Following quality control (QC) and filtering, 33 studies containing 16S rRNA (Scher et al., 2013; Hevia et al., 2014; Mejía-León et al., 2014; Stoll et al., 2014; Consolandi et al., 2015; Miyake et al., 2015; Chen et al., 2016a,b; Di Paola et al., 2016; Dunn et al., 2016; Jangi et al., 2016; Mar et al., 2016; Shaw et al., 2016; Tejesvi et al., 2016; Bajer et al., 2017; Cekanaviciute et al., 2017; Halfvarson et al., 2017; Jacob et al., 2017; Pascal et al., 2017; Goyal et al., 2018; Luo et al., 2018; Manasson et al., 2018; Moris et al., 2018; Braun et al., 2019; Kozhieva et al., 2019; Lee et al., 2019; Li et al., 2019; Ruff et al., 2019; Sprockett et al., 2019; Sun et al., 2019; Zegarra-Ruiz et al., 2019; Choileáin et al., 2020; Connors et al., 2020) and 12 studies containing metagenomics (Scher et al., 2013; Lewis et al., 2015; Heintz-Buschart et al., 2016; Ananthakrishnan et al., 2017; Cekanaviciute et al., 2017; Hall et al., 2017; Wen et al., 2017; Ye et al., 2018; Proctor et al., 2019; Ventura et al., 2019; Connors et al., 2020; Zhou et al., 2020) data remained for downstream analysis (Figure 1 and Supplementary Figure 2). Notably, 10 out of the 33 16S rRNA and 5 of the 12 metagenomics data sets investigated the role of the human gut microbiome in IBD, due in part to its relatively high prevalence in 1.3% of US adults (CDC, 2019). However, we were also able to acquire data from studies of more rare autoimmune diseases including Behçet’s Syndrome, which results from inflammation of the blood vessels (Consolandi et al., 2015), Myasthenia Gravis, a neuromuscular disorder, and Reactive Arthritis. A portion of these studies contained significantly more disease samples than the healthy samples, with Halfvarson et al. (2017) having 10 times more samples from individuals with autoimmune disease than from healthy controls, and with 6 other studies (Lewis et al., 2015; Ananthakrishnan et al., 2017; Jacob et al., 2017; Lee et al., 2019; Sprockett et al., 2019; Connors et al., 2020) containing only disease samples (Figure 2). For this reason, we included healthy samples from three additional studies which investigated non-autoimmune diseases (Huttenhower et al., 2012; Giloteaux et al., 2016; Whisner et al., 2018), which after QC and preprocessing resulted in additional 232 16S and 322 shotgun metagenomics samples.
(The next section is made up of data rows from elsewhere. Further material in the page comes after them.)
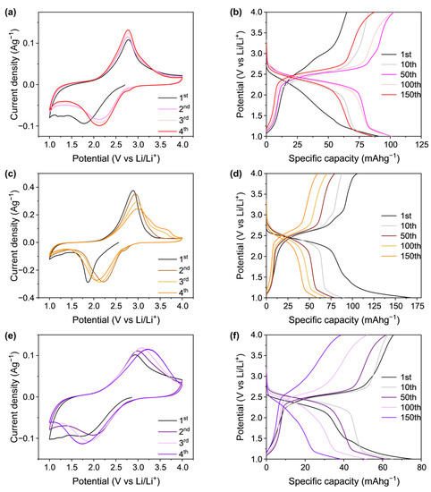 Cyclic voltammetry (CV) curves of (a) PDI_A, (c) PDI_V, and (e) PDI_H at 10 mVs−1 in a potential range of 1.0 V–4.0 V vs. Li/Li+. Galvanostatic charge–discharge profiles of (b) PDI_A, (d) PDI_V, and (f) PDI_H at 50 mAg−1.
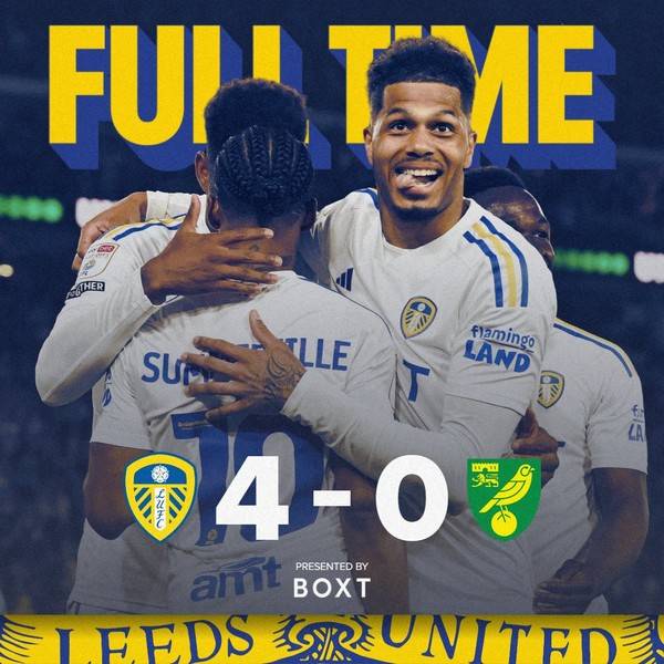 17일(한국시간) 영국 리즈에 위치한 엘런드 로드에서 2023-2024 잉글랜드 챔피언십(2부) 플레이오프 준결승 2차전을 치른 리즈가 노리치시티를 4-0으로 제압했다.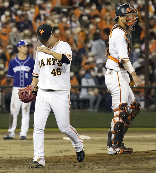 29日の中日戦、十回に押し出し死球を与え、降板する鍬原(C)共同通信社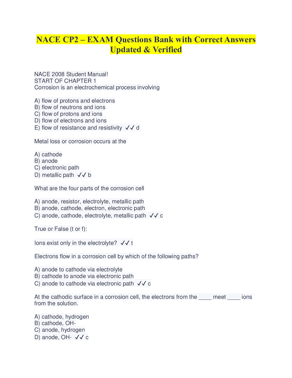 Physics > QUESTIONS & ANSWERS > NACE CP2 – EXAM Questions Bank with Correct Answers Updated & Verified (All)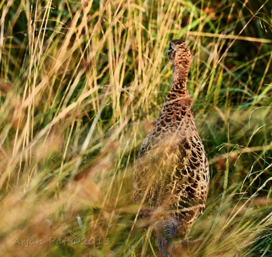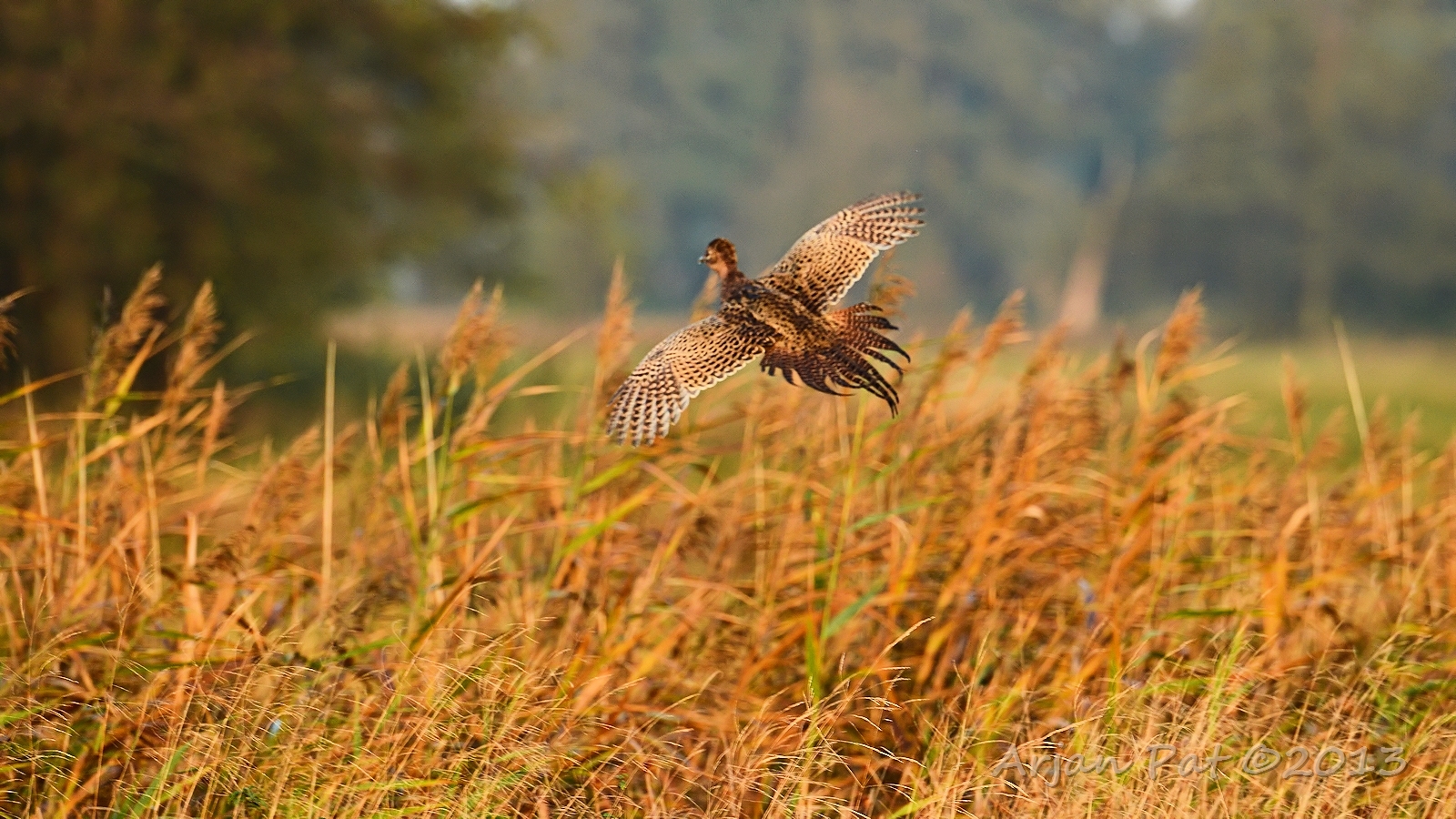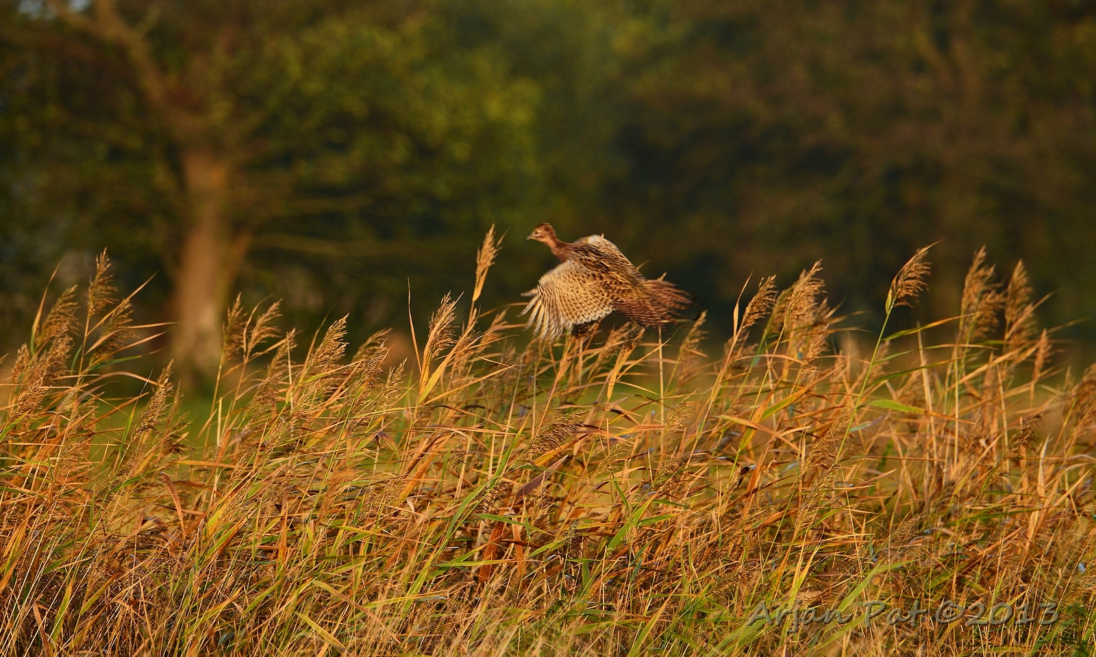 Ik hoorde al wat vogelgeluiden van een grotere vogel, maar had niet door dat het fazanten waren, tot er plots eentje vlak voor mij stond.

While combining these diverse datasets there were several study-specific characteristics known to impact microbial identification that we paid specific attention to, such as geography, age, sequencing platform and 16S rRNA primers. A majority of the studies were based on populations from North America, Europe and Asia, however Manasson et al. (2018) investigated the gut microbiome of spondyloarthritis in Guatemalan patients, Mejía-León et al. (2014) looked at Type 1 Diabetes in Mexico, while Sprockett et al. (2019) had participants from four different countries, Poland, Israel, Netherlands and Canada. Further, there was a large range in age across studies, with participants being from 2 to 76 years old. Studies focusing on newborn children (less than 2 years of age) were not included since it has been well established that the microbial diversity in the first few years of life is significantly lower when compared with adults (Korpela and de Vos, 2018). We also controlled for age by building separate models for adults only (18 years or older) in addition to models including all participants in datasets where children were included (general autoimmunity and IBD). DNA was sequenced with one of three sequencing platforms, 454 pyrosequencing, Ion Torrent, or Illumina instruments with both paired and single reads techniques. Description of the characteristics for each study can be found in Supplementary Table 2 and Figure 2. To assess potential batch effects, we employed a Principal Coordinate Analysis (PCoA) (Gower, 1966) based on the Bray-Curtis distance (Beals, 1984) and investigated disease and non-disease based differences. All variables are shown by PCoA and, as expected, were found to have significant differences based on an Adonis test (p < 0.001) (Supplementary Figures 4, 5). To combat this, we completed study-based analysis to identify study-specific vs. disease-specific features as part of our downstream analysis (Supplementary Figure 3).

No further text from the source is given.